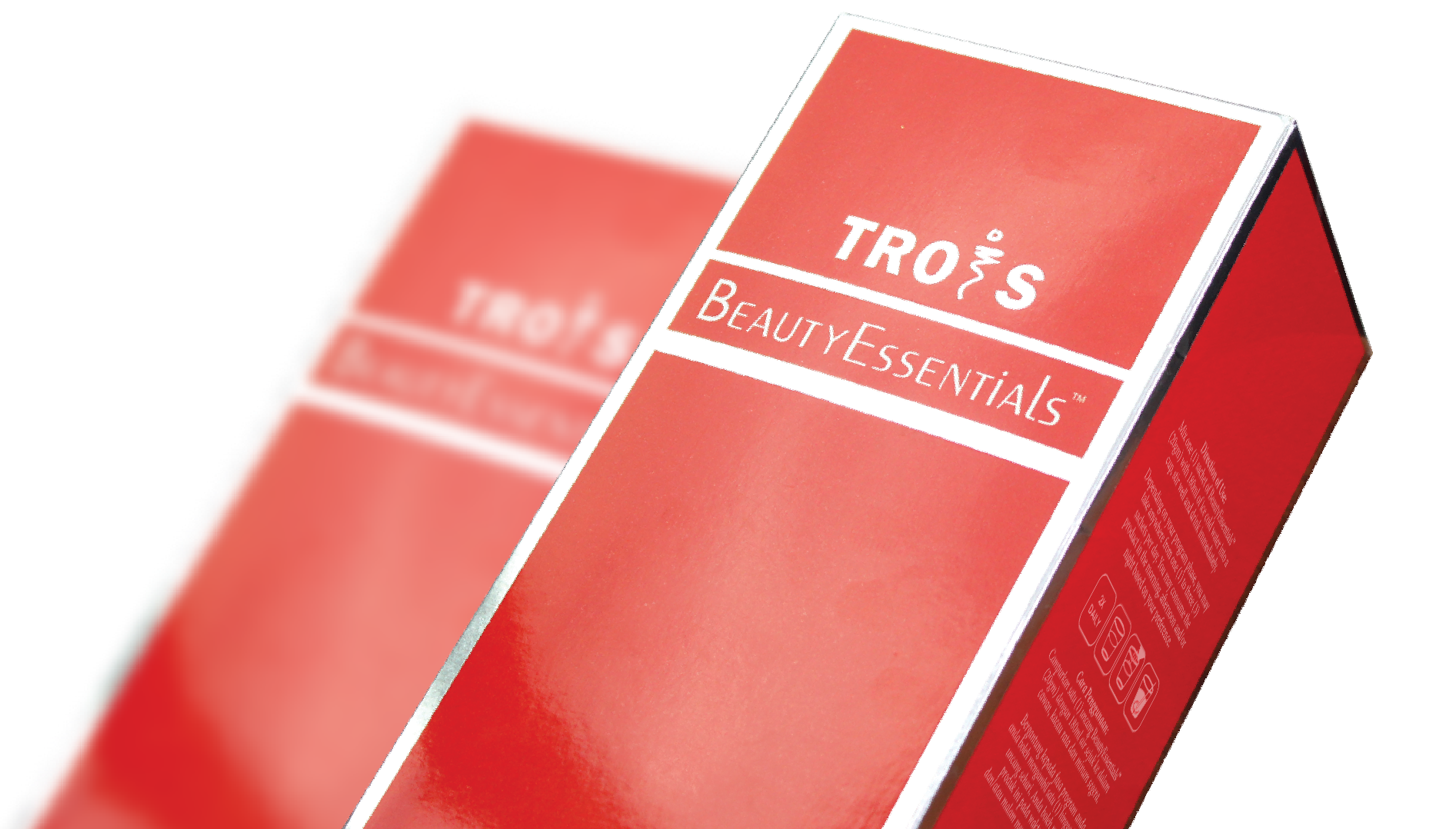 TROIS BeautyEssentials, an all-natural comprehensive nutrition-therapy solution for greater wellness through inner health enhancement, leading to outer beauty.
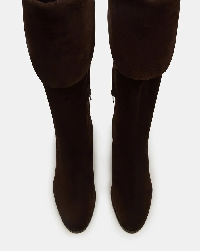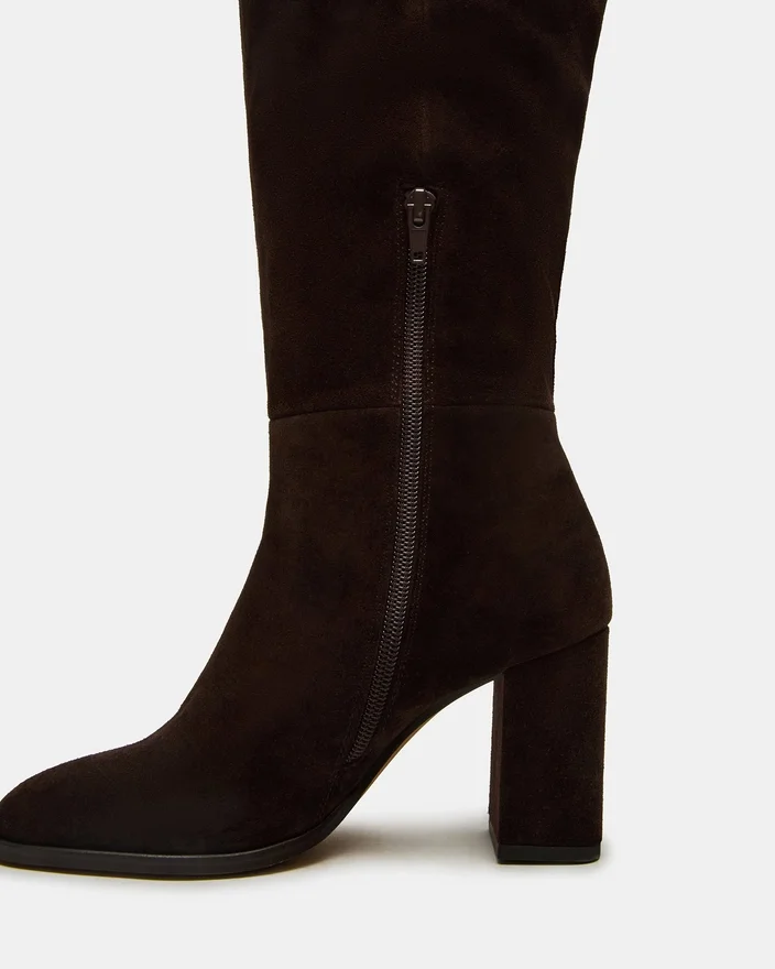 The Winslet Brown Suede Boot Features a Knee-High Silhouette with a Sturdy Block Heel, Offering Both Style and Stability. Its Rounded Toe Design Ensures Comfort for Extended Wear, Making It a Versatile Choice for Elevating Your Wardrobe with a Refined, Expert Touch. This Boot Combines Timeless Elegance with Practical Functionality.
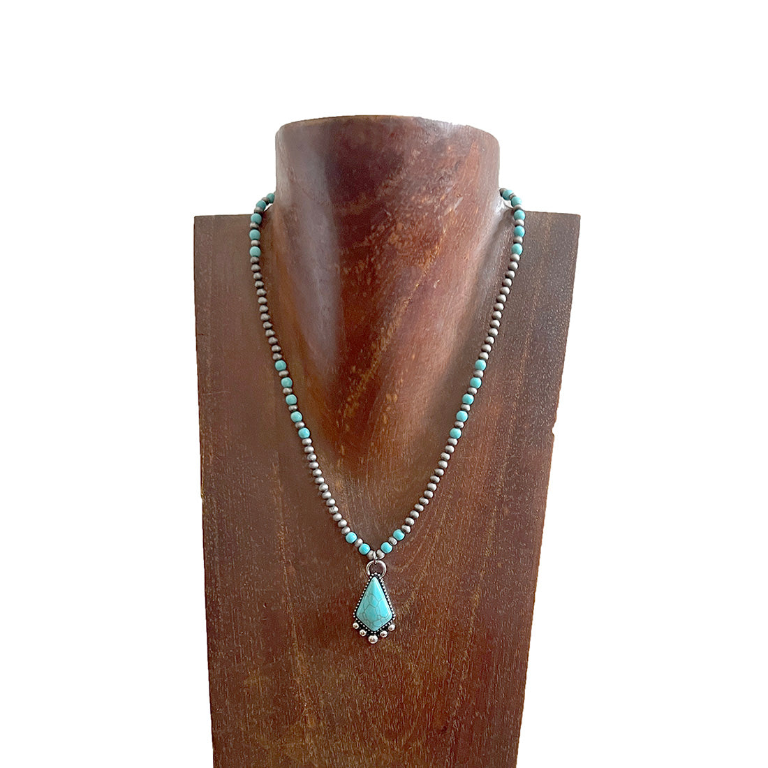 NKS250908-01-BLUE 17'' L 4mm Blue TQ & silver Navajo pearl beads with diamond shape blue TQ pendent Necklace
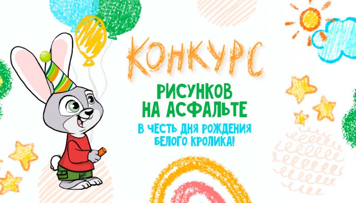 Лето — время творчества и веселья. Белый Кролик решил совместить приятное с полезным и предлагает вам нарисовать поздравления мелками прямо на асфальте!
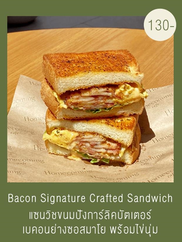 🍽️เมนูที่ 3 : แซนวิชขนมปังการ์ลิคบัตเตอร์ เบคอนย่างซอสมาโย พร้อมไข่นุ่ม - Bacon Signature Crafted Sandwich🍽️
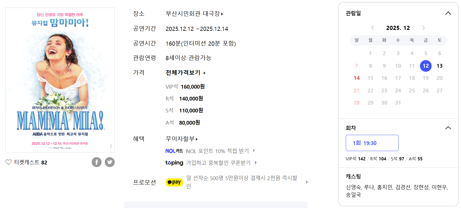 공연장(충무아트센터 등) 회원 할인, 청소년 동반 할인(30%) 등 다양한 제휴 할인이 존재할 수 있으니, 예매 상세 페이지의 할인 정보를 꼼꼼히 확인하는 것이 중요합니다.
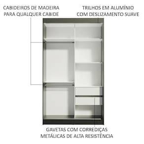 Internamente, contempla duas gavetas com corrediças metálicas, diversas prateleiras e nichos, além de dois cabideiros de madeira com espaço para roupas longas e curtas. A profundidade maior é um grande diferencial.
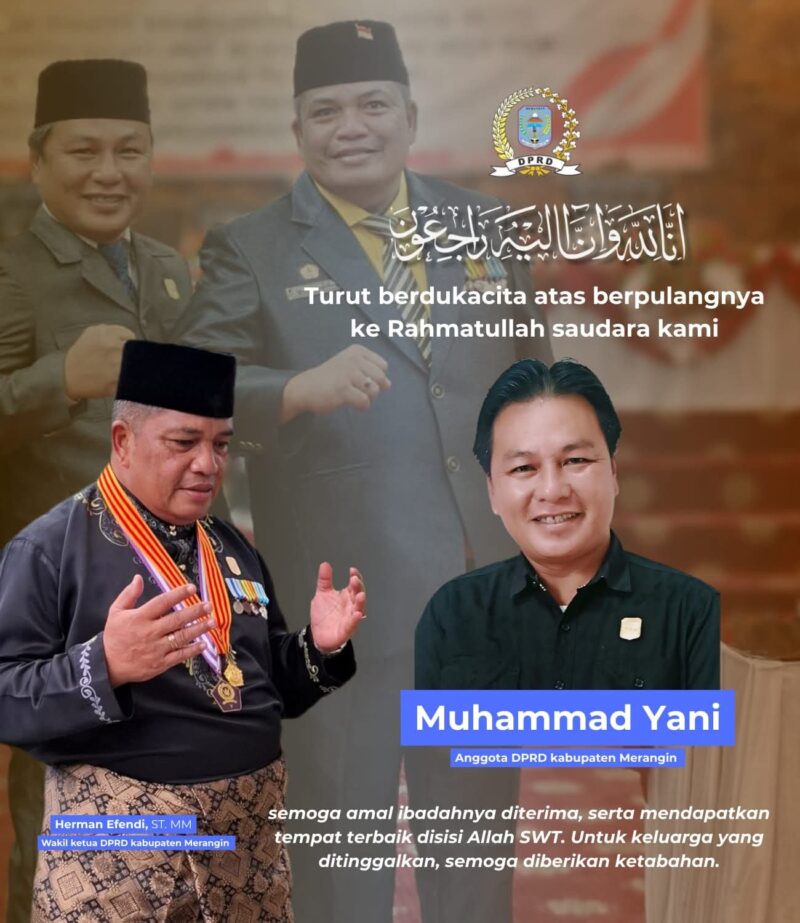 Atas kejadian tersebut, keluarga besar DPRD Kabupaten Merangin bersama pemerintah daerah menyampaikan rasa duka cita yang mendalam atas wafatnya Muhammad Yani. Jenazah almarhum direncanakan akan dibawa ke rumah duka di Kabupaten Merangin untuk disemayamkan sebelum dimakamkan di tempat pemakaman umum setempat.
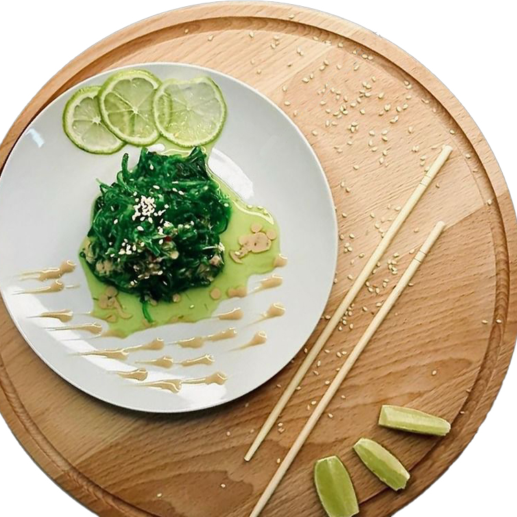 Состав: МАРИНОВАННЫЕ ВОДОРОСЛИ. ПОДАЁТСЯ С ОРЕХОВЫМ СОУСОМ(ГАМАДАРИ).
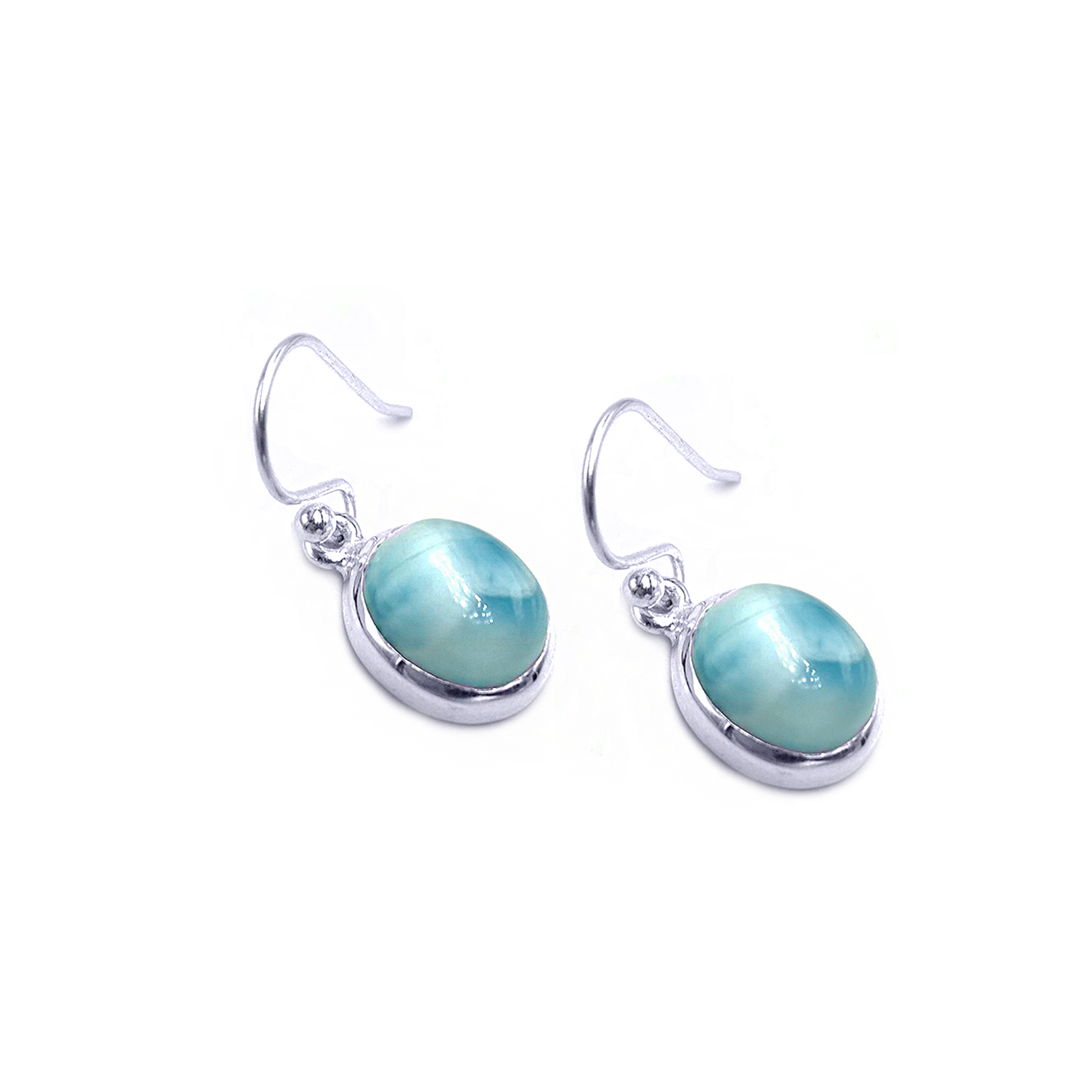 Η συχνότητα δόνησης του Λάριμαρ (Larimar)  είναι από τις υψηλότερες από οποιονδήποτε πολύτιμο λίθο. Η ενέργειά του είναι απίστευτα υψηλή, με αποτέλεσμα πολλές επιθυμητές ιδιότητες.Χειροποίητα ασημένια σκουλαρίκια με Λάριμαρ (Larimar) οβάλ eGAIA

# # # # # # #

WORK INSTRUCTION
What's needed is an exact retyping of the records, pictures excluded.

THE COMPLETED TASK
 TROIS BeautyEssentials, an all-natural comprehensive nutrition-therapy solution for greater wellness through inner health enhancement, leading to outer beauty.
 The Winslet Brown Suede Boot Features a Knee-High Silhouette with a Sturdy Block Heel, Offering Both Style and Stability. Its Rounded Toe Design Ensures Comfort for Extended Wear, Making It a Versatile Choice for Elevating Your Wardrobe with a Refined, Expert Touch. This Boot Combines Timeless Elegance with Practical Functionality.
 NKS250908-01-BLUE 17'' L 4mm Blue TQ & silver Navajo pearl beads with diamond shape blue TQ pendent Necklace
 Лето — время творчества и веселья. Белый Кролик решил совместить приятное с полезным и предлагает вам нарисовать поздравления мелками прямо на асфальте!
 🍽️เมนูที่ 3 : แซนวิชขนมปังการ์ลิคบัตเตอร์ เบคอนย่างซอสมาโย พร้อมไข่นุ่ม - Bacon Signature Crafted Sandwich🍽️
 공연장(충무아트센터 등) 회원 할인, 청소년 동반 할인(30%) 등 다양한 제휴 할인이 존재할 수 있으니, 예매 상세 페이지의 할인 정보를 꼼꼼히 확인하는 것이 중요합니다.
 Internamente, contempla duas gavetas com corrediças metálicas, diversas prateleiras e nichos, além de dois cabideiros de madeira com espaço para roupas longas e curtas. A profundidade maior é um grande diferencial.
 Atas kejadian tersebut, keluarga besar DPRD Kabupaten Merangin bersama pemerintah daerah menyampaikan rasa duka cita yang mendalam atas wafatnya Muhammad Yani. Jenazah almarhum direncanakan akan dibawa ke rumah duka di Kabupaten Merangin untuk disemayamkan sebelum dimakamkan di tempat pemakaman umum setempat.
 Состав: МАРИНОВАННЫЕ ВОДОРОСЛИ. ПОДАЁТСЯ С ОРЕХОВЫМ СОУСОМ(ГАМАДАРИ).
 Η συχνότητα δόνησης του Λάριμαρ (Larimar)  είναι από τις υψηλότερες από οποιονδήποτε πολύτιμο λίθο. Η ενέργειά του είναι απίστευτα υψηλή, με αποτέλεσμα πολλές επιθυμητές ιδιότητες.Χειροποίητα ασημένια σκουλαρίκια με Λάριμαρ (Larimar) οβάλ eGAIA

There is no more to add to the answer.